You can also look into the Seiko SERVICE manual but you might want to also check:

http://www.pmwf.com/Watches/Seiko/TiPerpCalBackOpen.htm

http://www.pmwf.com/Watches/Seiko/TiPerpCalBatteryOut.htm

(in last one the movement becomes visible).


----------



## Gansan (Aug 21, 2008)

Great looking watch! |> |>


----------



## reverendkb (Dec 12, 2007)

Sweet watch. Very nice article. Love that Google translator. Thanks for the lume shot. Seiko is noted for its lume and this looks good. Certainly not a Monster or a Sawtooth, but excellent night visibility for a watch of its size, design and purpose. I'm thinking about one of these, but (I expect some flack here) I'm not sold on the GMT hand. Ergo, I'm leaning to an 8f32, possibly. Anyway, good job and thanks.


----------



## Catalin (Jan 2, 2009)

reverendkb said:


> Sweet watch. Very nice article. Love that Google translator. Thanks for the lume shot. Seiko is noted for its lume and this looks good. Certainly not a Monster or a Sawtooth, but excellent night visibility for a watch of its size, design and purpose. I'm thinking about one of these, but (I expect some flack here) I'm not sold on the GMT hand. Ergo, I'm leaning to an 8f32, possibly. Anyway, good job and thanks.


The 'new' models are kind of restricted in number right now, but I have seen used models selling as low as 50 US$ on ebay last week ... but if you travel a little the 8F56 GMT hand is very nice (as a home reference) ... the same if you use a 'fixed' reference time like GMT / Zulu ...


----------



## safi_cz (Dec 28, 2007)

Catalin said:


> The 'new' models are kind of restricted in number right now, but I have seen used models selling as low as 50 US$ on ebay last week ... but if you travel a little the 8F56 GMT hand is very nice (as a home reference) ... the same if you use a 'fixed' reference time like GMT / Zulu ...


To be honest, I have not found any practical usage for GMT hand  thank you all for your comments  I was thinking why Seiko made end pieces with such huge "plays" or digs between bracelet and case.

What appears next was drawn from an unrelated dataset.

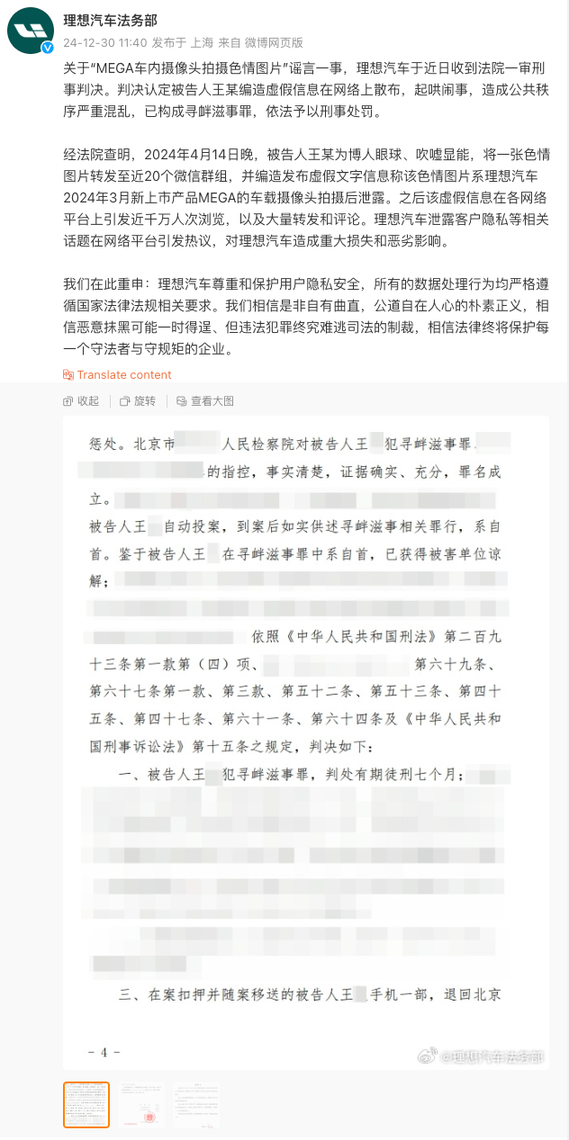 理念念汽车法务部暗意,经法院查明,2024年4月14日晚,被告东谈主王某为博东谈主眼球、吹嘘显能,将一张色情图片转发至近20个微信群组,并诬捏发布诞妄翰墨信息称该色情图片系理念念汽车2024年3月新上市居品MEGA的车载录像头拍摄后裸露。之后该诞妄信息在各采集平台上激发近千万东谈主次浏览,以及多数转发和议论。理念念汽车裸露客户隐藏等商酌话题在采集平台激发烧议,对理念念汽车变成波折损成仇恶劣影响。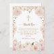 Cartão de agradecimento de batismo floral boho rosa elegante. Uma moldura floral boho rosa moderna em aquarela com uma cruz. Celebre essa ocasião alegre com nosso cartão de agradecimento personalizado que dará o tom para um encontro memorável e significativo.

How many people buy Grand Seiko SBGF019 when SBQJ015 is perfect (including anti-reflective glass coating)?


----------



## bws (Feb 23, 2009)

*Re: Hmm, don't keep us any longer ...*

_Eeeb,_

_Wow, I like that watch. The bezel really sets it off beautifully. Reminds me of my Accutron Astronauts. What kind of accuracy do you get?_

_Thanks,_

_bws_


----------



## Eeeb (Jul 12, 2007)

*Re: Hmm, don't keep us any longer ...*



bws said:


> _Eeeb,_
> 
> _Wow, I like that watch. The bezel really sets it off beautifully. Reminds me of my Accutron Astronauts. What kind of accuracy do you get?_
> 
> ...


The accuracy varies with temperature. At normal temperatures it will require some regulation to meet specs. I think this can be done by cutting some runs on the printed circuit board.


----------



## m2steven (Feb 2, 2009)

If that beautiful dog approves of that lovely Alpinist...I may have to get one. I love that watch....


----------



## mayostard (Dec 31, 2007)

I just got the SLT077. Fantastic piece. 

Since I travel a lot I absolutely love the independently settable hour hand. I've set the 24-hour hand to my home time and synced with USNO. 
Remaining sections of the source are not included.